Their view is that the investment strategy must be tailored and specific to the relevant circumstances of the SMSF. The guidance is based on the outcomes of the letter recently sent by the ATO to nearly 18,000 SMSF trustees who have more than 90% of their fund’s assets in a single asset class – namely property.
While there are no restrictions under general law prohibiting SMSFs from investing in a single asset, there are measures in the Superannuation Industry (Supervision) (SIS) Act and Regulations that require SMSFs to formulate, regularly review, and give effect to an appropriate investment strategy, and rules as to what considerations the strategy must address.
There may be good reasons as to why SMSF trustees choose to invest a majority share of their retirement savings in one asset or asset class, such as property. For example, a member may have a public offer superannuation fund that is predominately invested in shares and/or cash/fixed interest, so overall the member’s superannuation portfolio may take on a more balanced approach.
The ATO’s views have sparked much debate about whether the ATO has the power to assess the validity of an SMSF investment strategy and the chosen investments in an SMSF.

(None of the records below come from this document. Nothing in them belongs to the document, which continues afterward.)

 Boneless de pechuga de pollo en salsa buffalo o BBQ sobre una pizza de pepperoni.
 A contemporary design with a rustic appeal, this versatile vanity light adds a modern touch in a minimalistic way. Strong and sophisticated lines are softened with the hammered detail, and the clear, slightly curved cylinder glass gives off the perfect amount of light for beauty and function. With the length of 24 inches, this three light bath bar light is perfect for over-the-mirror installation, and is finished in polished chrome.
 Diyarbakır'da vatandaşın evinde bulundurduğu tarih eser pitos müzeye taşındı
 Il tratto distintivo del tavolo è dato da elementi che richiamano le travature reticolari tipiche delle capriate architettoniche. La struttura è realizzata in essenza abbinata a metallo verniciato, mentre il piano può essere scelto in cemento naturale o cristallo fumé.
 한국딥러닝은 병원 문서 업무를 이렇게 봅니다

Although the ATO is not responsible to determine whether an SMSF investment strategy is appropriate for SMSF members, the ATO can assess whether than SMSF has followed the investment strategy rules and determine whether the correct process has been followed.
Instead, it is the SMSF auditor’s responsibility to check that:
- An investment strategy was in place for the fund that considered the factors stated in SIS Regulation 4.09 (ie. investment and diversification risk, liquidity risk, whether trustees should hold insurance cover for one or more members of the fund, etc.)

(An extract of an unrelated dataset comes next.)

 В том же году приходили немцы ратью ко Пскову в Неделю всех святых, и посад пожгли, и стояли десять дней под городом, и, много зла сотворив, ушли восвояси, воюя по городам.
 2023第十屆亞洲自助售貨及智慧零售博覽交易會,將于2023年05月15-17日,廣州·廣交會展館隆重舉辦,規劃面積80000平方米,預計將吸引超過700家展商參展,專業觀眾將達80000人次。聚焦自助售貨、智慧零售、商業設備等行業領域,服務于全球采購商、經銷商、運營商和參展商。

- The fund’s investments during the year were in accordance with the strategy, and
- The strategy had been reviewed at some point during the year.
Where SMSF trustees do not comply with the investment strategy requirements, the SMSF auditor may need to notify the ATO about the breach by lodging an auditor contravention report.

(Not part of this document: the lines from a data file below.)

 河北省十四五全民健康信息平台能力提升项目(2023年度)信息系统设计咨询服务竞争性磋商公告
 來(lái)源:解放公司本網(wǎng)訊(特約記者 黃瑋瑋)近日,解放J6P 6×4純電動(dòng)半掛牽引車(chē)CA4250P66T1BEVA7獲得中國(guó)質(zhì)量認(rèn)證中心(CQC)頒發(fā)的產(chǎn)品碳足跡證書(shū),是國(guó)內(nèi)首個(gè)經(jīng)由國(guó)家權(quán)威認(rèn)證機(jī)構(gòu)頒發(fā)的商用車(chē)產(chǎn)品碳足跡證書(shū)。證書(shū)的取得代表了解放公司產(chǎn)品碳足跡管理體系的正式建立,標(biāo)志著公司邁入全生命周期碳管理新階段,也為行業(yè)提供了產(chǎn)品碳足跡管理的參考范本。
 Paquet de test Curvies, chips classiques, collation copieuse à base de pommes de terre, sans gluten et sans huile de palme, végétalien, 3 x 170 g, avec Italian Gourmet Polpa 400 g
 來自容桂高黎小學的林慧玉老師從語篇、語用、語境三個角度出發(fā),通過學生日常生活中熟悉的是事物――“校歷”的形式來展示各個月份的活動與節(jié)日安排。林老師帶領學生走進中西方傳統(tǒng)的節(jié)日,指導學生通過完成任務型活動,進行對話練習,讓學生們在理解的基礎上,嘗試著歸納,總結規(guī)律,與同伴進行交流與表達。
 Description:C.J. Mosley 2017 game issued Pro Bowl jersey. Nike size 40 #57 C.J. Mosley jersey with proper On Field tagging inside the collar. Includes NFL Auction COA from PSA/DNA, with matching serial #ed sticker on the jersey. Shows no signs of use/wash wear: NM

Thus, all SMSF trustees, and particularly those whose funds where assets may appear to lack investment diversification and liquidity, should consider having a well-documented investment strategy that:
- Provides the decision making rationale behind the investment choice/s
- States trustees have considered the risks associated with a lack of diversification, and
- Includes details on how diversification and liquidity will be managed (eg. by including a cash flow plan and a risk assessment analysis, etc).